The episode originally aired on April 1, 2013.

During the lip-sync contest, Alyssa completes splits and death drops, and Coco Montrese points to her mouth as she mouths fast lyrics.

=== Fashion ===
For the main stage, RuPaul wears a green dress and a long blonde wig. For the fashion show, Detox has a pink outfit with matching high-heeled shoes, a sombrero, and a red wig. Roxxxy Andrews and Alaska wear red dresses and dark wigs. Roxxxy Andrews also has a black corset and Alaska carries maracas. Alyssa Edwards has a black dress with red accents, as well as a hand fan and a dark wig. Coco Montrese wears a yellow jumpsuit with colorful flowers and large sleeves. Jinkx Monoson has a Day of the Dead-inspired look.

== Reception ==
Oliver Sava of The A.V. Club gave the episode a rating of 'B+'. Queerty called the lip-sync contest "rousing". E! said the lip-sync was "amplified" by the history and rivalry between Alyssa Edwards and Coco Montrese. E. Alex Jung gave the performance "honorable mention" in Vultures 2014 list of the show's ten best lip-syncs. Josh Lee ranked the contest third in Digital Spy's 2016 list of the show's ten best lip-syncs. Mikelle Street included Coco Montrese's performance in Out magazine's 2020 list of nine "lip syncs that prove you don't need stunts and reveals".

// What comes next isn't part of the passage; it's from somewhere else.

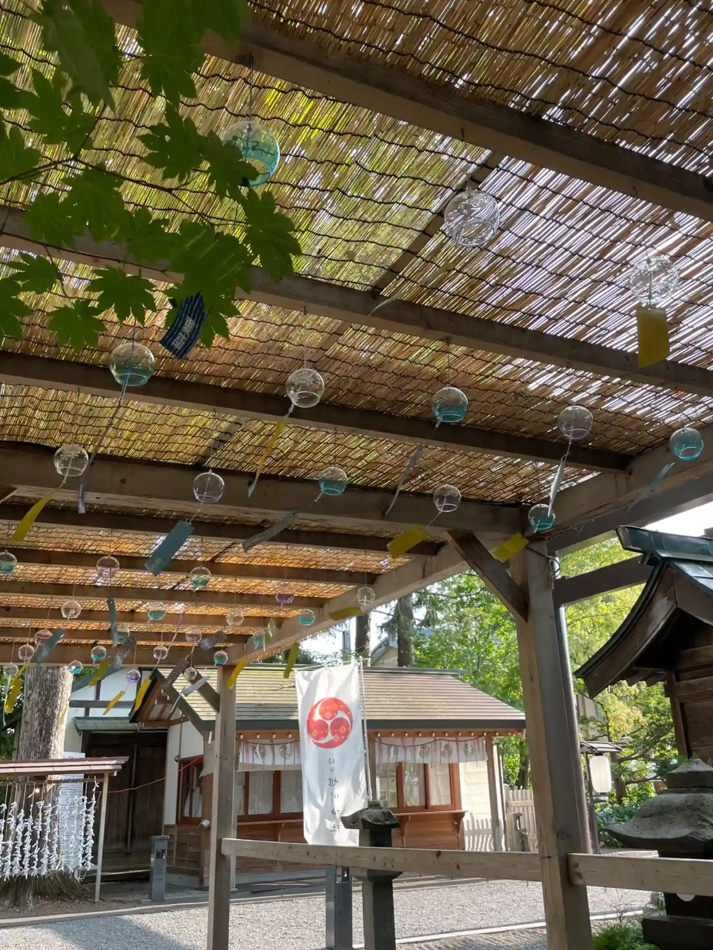 さて、携帯も少し充電されたので、写真を撮りに再び鳥居をくぐります。風鈴棚に誘われました。

In 2022, Cailyn Szelinski of Screen Rant included the lip-sync in a list of the ten best Drag Race lip-syncs of all time, according to Reddit, and wrote: "Some things about RuPaul's Drag Race are fake, but one thing that isn't was the feud between Alyssa Edwards and Coco Montrese that resulted in one of the best lip-syncs on the show... Both queens pulled out all the stops, Alyssa turning big tricks and Coco using her outfit to pull focus. But when Coco literally pointed to her mouth to show the judges she knew every single word to Paula Abdul's difficult rap ... she secured the win." The website's Mariana Fernandes also included the contest in a 2022 list of the show's fifteen best lip-syncs.